EXERCISE INPUT below:
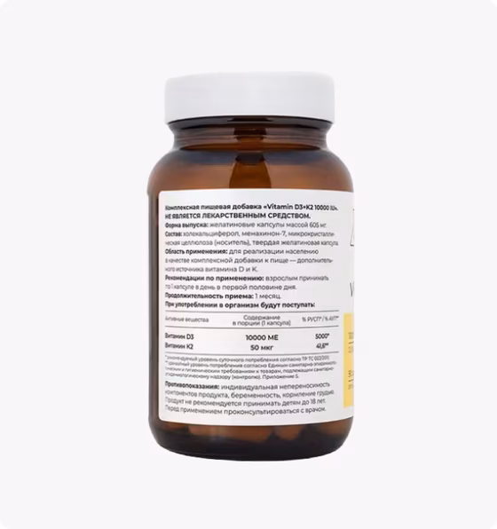 Комплексная пищевая добавка витамин D3 с K2 ( 10000IU / 50мкг ) от Доктора Зубаревой, без вредных компонентов в составе.
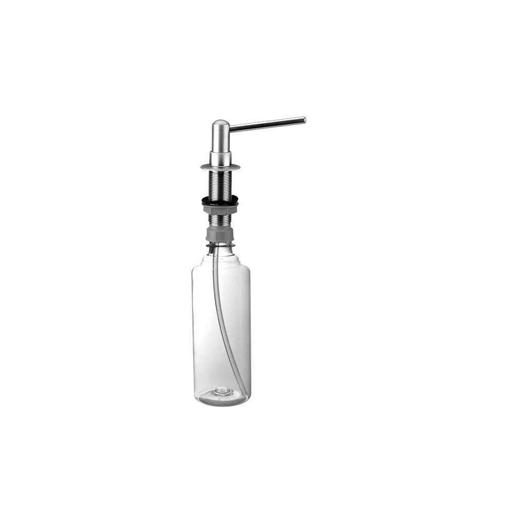 Dozownik do płynów mocowany w blacie, zlewozmywaku lub umywalce, Element dozujący mosiądz STAL SZCZOTKOW.
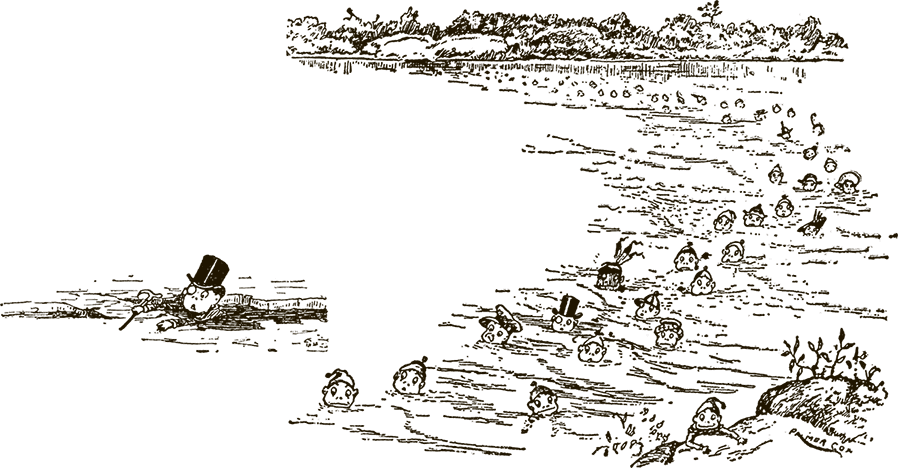 Но этим мои страдания ещё не закончились. Когда мы скатились вниз, для того чтобы добраться до берега, пришлось ещё переплыть через глубокий ручей. Я превосходно плаваю, но на этот раз мне пришлось очень плохо. И не мне одному: все лесные человечки чуть не утонули в ручье.
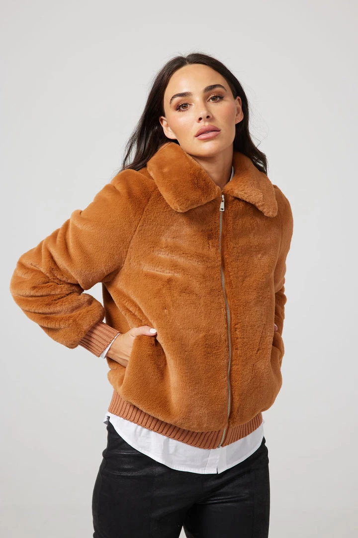 Transport to a wonderland of warmth in the Celeste Bomber. Featuring ribbed cuffs, an oversized collar and metal zip closure, this jacket will keep you cozy and on trend all season.Â
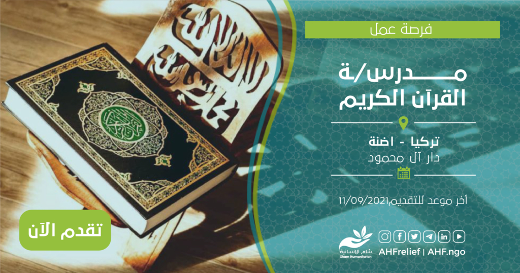 | مدرس/ـة لغة تركية | برنامج الحماية | تركيا – اضنة | 11/09/2021 |
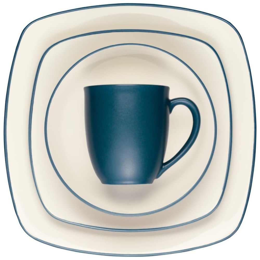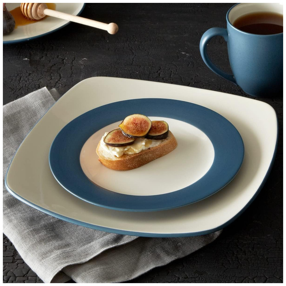 Aparelho de Jantar de Cerâmica Clássica e Durável para o Dia a Dia com 4 Peças Formato Quadrado e Material de Cerâmica Noritake 8484-04P Azul
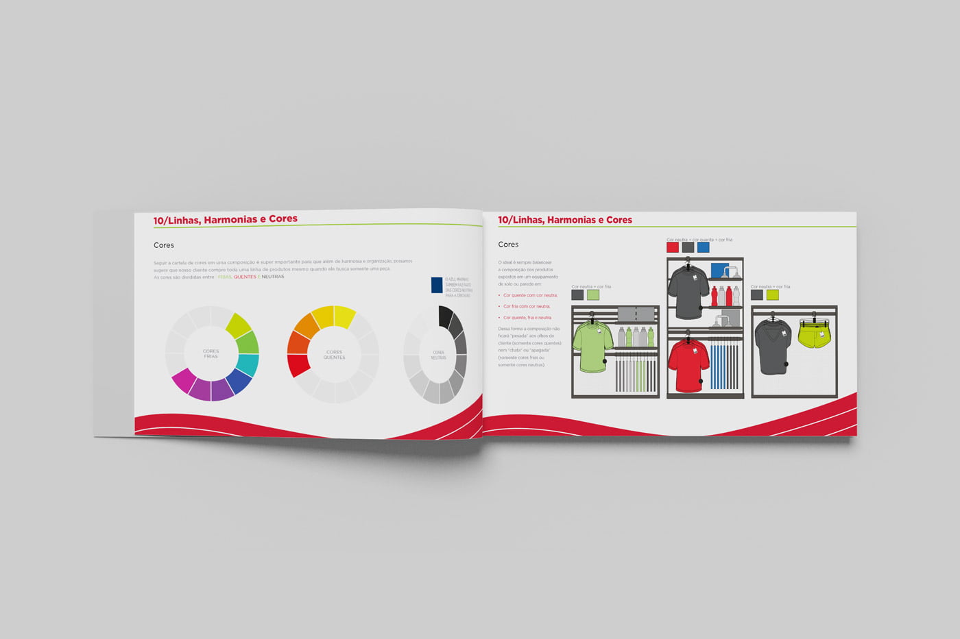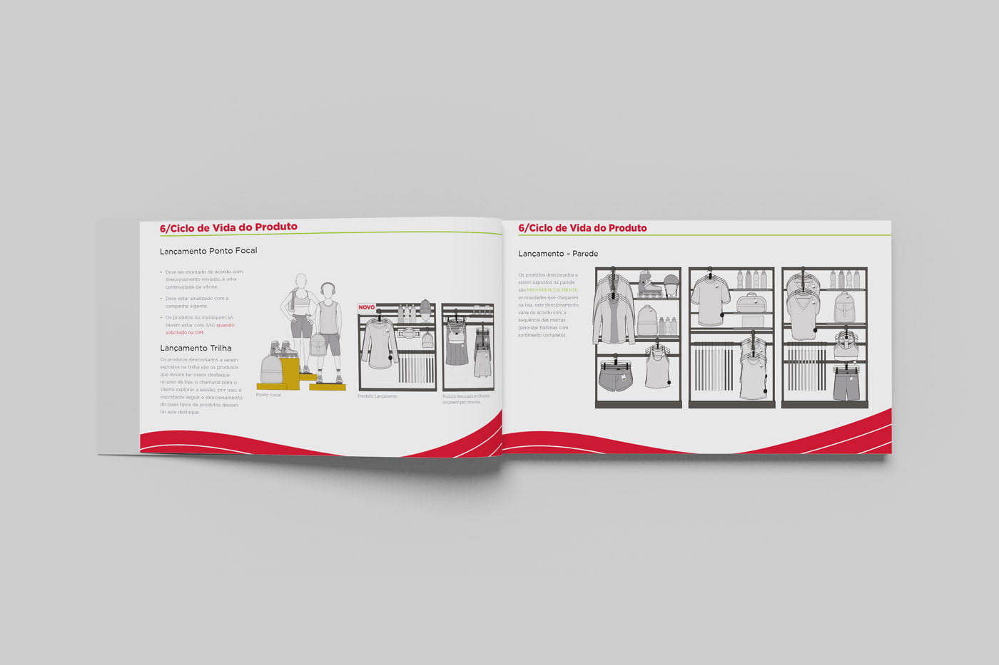 Desenvolvemos o manual de diretrizes de visual merchandising para a marca. Diagramamos e planejamos todo conteúdo do que chamamos de TCC do VM.
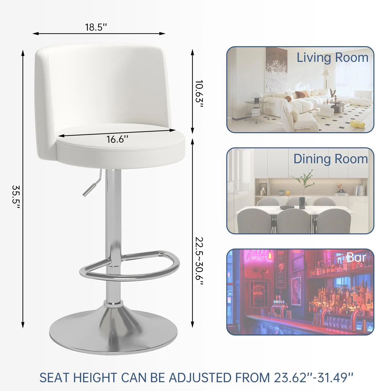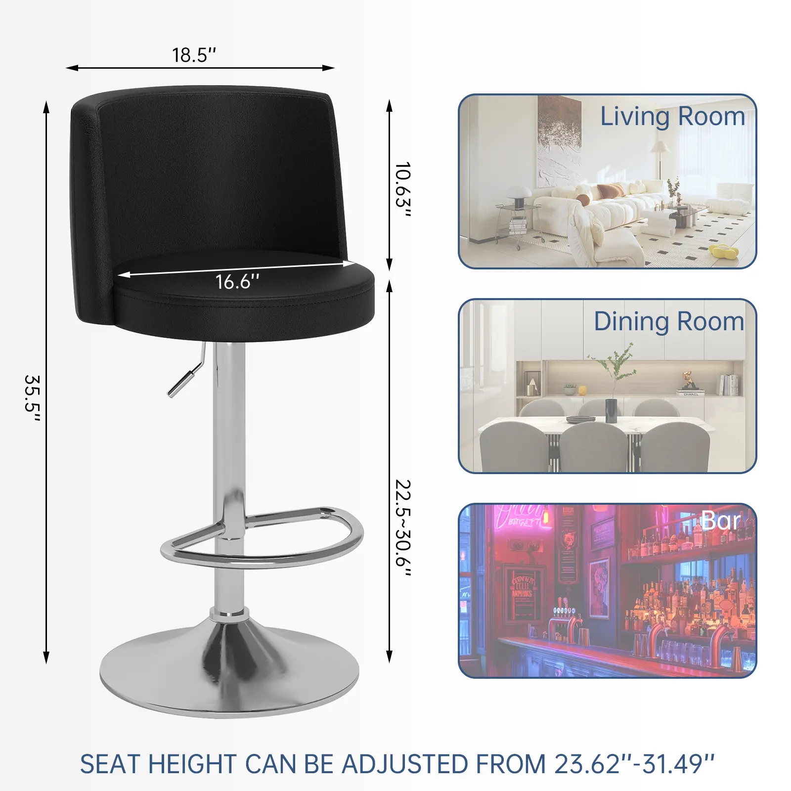 【ADJUSTABLE BAR CHAIRS】- Barstools can adjust from 23.62-31.5” so you can seat guests of every height, and the seat is a generous 17.12” wide , with a weight capacity of up to 350 lbs. The chairs sit on a high-intensity pneumatic rod that rotates 360 degrees for full mobility. So lean back, kick up your feet on the built-in footrest, and enjoy.
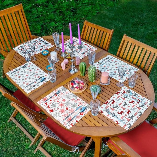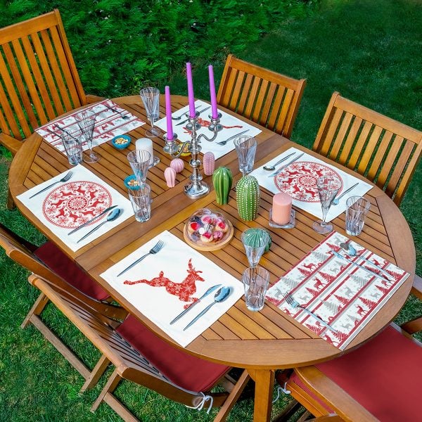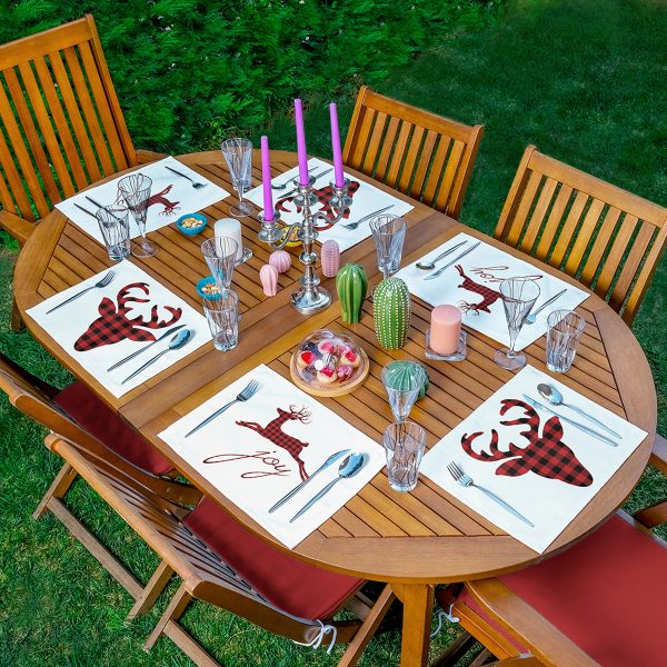 6’lı Ekose Zemin Geyik Tasarımlı Amerikan Servis Seti
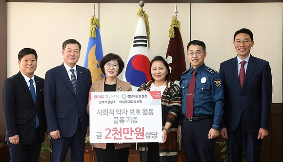 BNK경남은행은 지난 19일 경남지방경찰청에 '사회적 약자 보호 활동 물품'을 기탁했다.
End of EXERCISE INPUT.
▸ WHAT THE TASK REQUIRES:
Transcribe exactly, and only, the lines from the one with "Dozownik do płynów" through the final line of the data above. The pictures stay out.

▸ RESPONSE FOR THIS EXERCISE:
 Dozownik do płynów mocowany w blacie, zlewozmywaku lub umywalce, Element dozujący mosiądz STAL SZCZOTKOW.
 Но этим мои страдания ещё не закончились. Когда мы скатились вниз, для того чтобы добраться до берега, пришлось ещё переплыть через глубокий ручей. Я превосходно плаваю, но на этот раз мне пришлось очень плохо. И не мне одному: все лесные человечки чуть не утонули в ручье.
 Transport to a wonderland of warmth in the Celeste Bomber. Featuring ribbed cuffs, an oversized collar and metal zip closure, this jacket will keep you cozy and on trend all season.Â
 | مدرس/ـة لغة تركية | برنامج الحماية | تركيا – اضنة | 11/09/2021 |
 Aparelho de Jantar de Cerâmica Clássica e Durável para o Dia a Dia com 4 Peças Formato Quadrado e Material de Cerâmica Noritake 8484-04P Azul
 Desenvolvemos o manual de diretrizes de visual merchandising para a marca. Diagramamos e planejamos todo conteúdo do que chamamos de TCC do VM.
 【ADJUSTABLE BAR CHAIRS】- Barstools can adjust from 23.62-31.5” so you can seat guests of every height, and the seat is a generous 17.12” wide , with a weight capacity of up to 350 lbs. The chairs sit on a high-intensity pneumatic rod that rotates 360 degrees for full mobility. So lean back, kick up your feet on the built-in footrest, and enjoy.
 6’lı Ekose Zemin Geyik Tasarımlı Amerikan Servis Seti
 BNK경남은행은 지난 19일 경남지방경찰청에 '사회적 약자 보호 활동 물품'을 기탁했다.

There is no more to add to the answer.